Essentially they stick you on a treadmill, put it at a steep incline, at a fast speed and wait until your breathing so hard your not getting the amount of oxygen you need to sustain. Then they lay you down and do a sonogram of your heart to see how thick it becomes during exertion. It's lots of fun. Especially since I didn't know I'd be doing it until 5 min before and therefore didn't have appropriate shoes or clothing.
 ^^Afterward, Matt insisted I get some Sprinkles for a job well done. It's best not to argue and just do what the mans says ;)
 ^^After our 2nd day at Stanford we head on over to San Francisco!
 ^^Hey, look Utah friends and family!!
 ^^We stayed at The Westin St Francis, right on Union Square. It was so much fun to be right in the heart of everything.
 ^^Most of my pictures will be of the amazing buildings and architecture. Everything killed me dead, I loved it so much!
 ^^Both nights we ate dinner at The Cheesecake Factory (it was amazing!) and what else is there to do at The Cheesecake Factory while waiting to be seated but take pictures of you and your sexy Hubby?

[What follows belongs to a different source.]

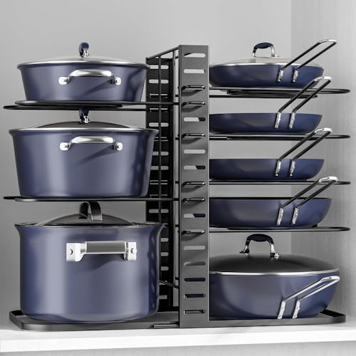 This best-selling organizer comes with six racks you can adjust to size so you can stack your pots and pans in a way that keeps them safe from scratches and easy to grab whenever you need them. It can be used with two sides vertically or one side horizontally, and it can also be used to store lids to keep them from falling out every time you open the cabinet.

I have this bad habit of living in the moment. Which means the first day of vacations I rarely get a lot of (if any) pictures. It isn't until the 2nd day, and I've already seen and experienced the place, that I'm like, "That's so (insert adjective here)! I should get a picture of it!" Sometimes I regret it because when I get home I feel like I didn't capture a lot of special, fun, funny, awesome, etc. moments on camera; but Matt always reminds me that all of those moments were so special because we weren't worried about capturing them, we were living them. And I really liked that.

1 comment:

  1. So jealous, you got to taste Sprinkles cupcakes, those babies are on my bucket list, and that Cupcake ATM thingy.